• [Supplied data]
——————

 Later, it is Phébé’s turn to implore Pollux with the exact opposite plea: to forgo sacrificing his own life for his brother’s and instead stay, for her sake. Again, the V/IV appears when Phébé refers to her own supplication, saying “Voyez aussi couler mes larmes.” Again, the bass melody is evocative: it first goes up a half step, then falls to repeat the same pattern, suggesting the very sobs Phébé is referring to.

——————

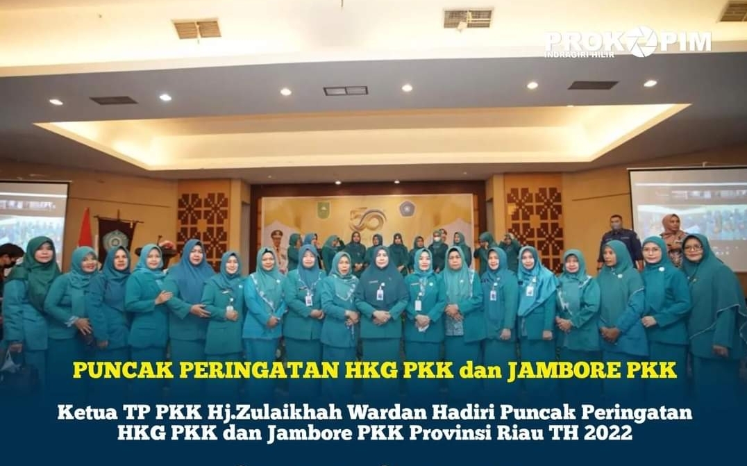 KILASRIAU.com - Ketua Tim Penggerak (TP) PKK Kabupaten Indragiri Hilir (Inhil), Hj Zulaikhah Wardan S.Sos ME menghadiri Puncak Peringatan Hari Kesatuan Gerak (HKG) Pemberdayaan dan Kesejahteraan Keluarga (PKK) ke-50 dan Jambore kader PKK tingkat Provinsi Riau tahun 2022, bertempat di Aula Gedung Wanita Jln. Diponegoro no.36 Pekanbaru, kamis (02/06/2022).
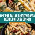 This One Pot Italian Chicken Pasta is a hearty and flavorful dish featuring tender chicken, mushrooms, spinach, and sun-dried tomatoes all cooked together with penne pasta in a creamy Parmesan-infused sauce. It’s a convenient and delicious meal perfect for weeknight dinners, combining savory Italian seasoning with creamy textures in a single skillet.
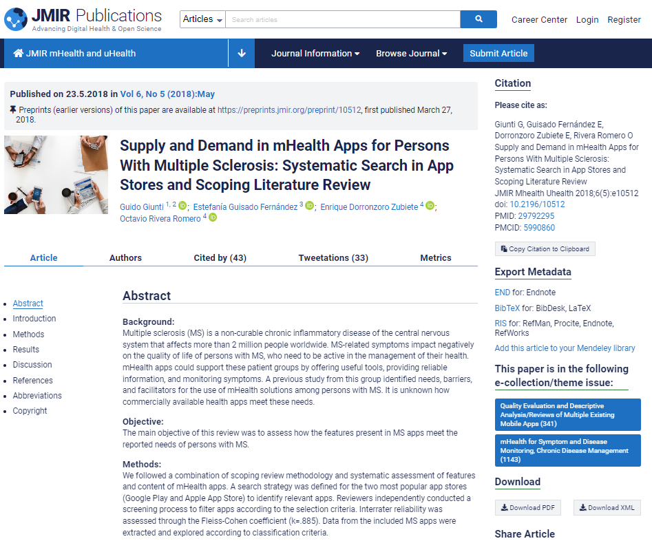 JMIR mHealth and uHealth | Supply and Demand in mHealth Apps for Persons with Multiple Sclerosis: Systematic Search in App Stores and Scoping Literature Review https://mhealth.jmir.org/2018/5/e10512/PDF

——————

• [About this task] An exact copy is needed. It runs from the line above containing "KILASRIAU.com - Ketua" down to the line containing "JMIR mHealth and", both included, with no pictures.

• [Solution to the problem]
 KILASRIAU.com - Ketua Tim Penggerak (TP) PKK Kabupaten Indragiri Hilir (Inhil), Hj Zulaikhah Wardan S.Sos ME menghadiri Puncak Peringatan Hari Kesatuan Gerak (HKG) Pemberdayaan dan Kesejahteraan Keluarga (PKK) ke-50 dan Jambore kader PKK tingkat Provinsi Riau tahun 2022, bertempat di Aula Gedung Wanita Jln. Diponegoro no.36 Pekanbaru, kamis (02/06/2022).
 This One Pot Italian Chicken Pasta is a hearty and flavorful dish featuring tender chicken, mushrooms, spinach, and sun-dried tomatoes all cooked together with penne pasta in a creamy Parmesan-infused sauce. It’s a convenient and delicious meal perfect for weeknight dinners, combining savory Italian seasoning with creamy textures in a single skillet.
 JMIR mHealth and uHealth | Supply and Demand in mHealth Apps for Persons with Multiple Sclerosis: Systematic Search in App Stores and Scoping Literature Review https://mhealth.jmir.org/2018/5/e10512/PDF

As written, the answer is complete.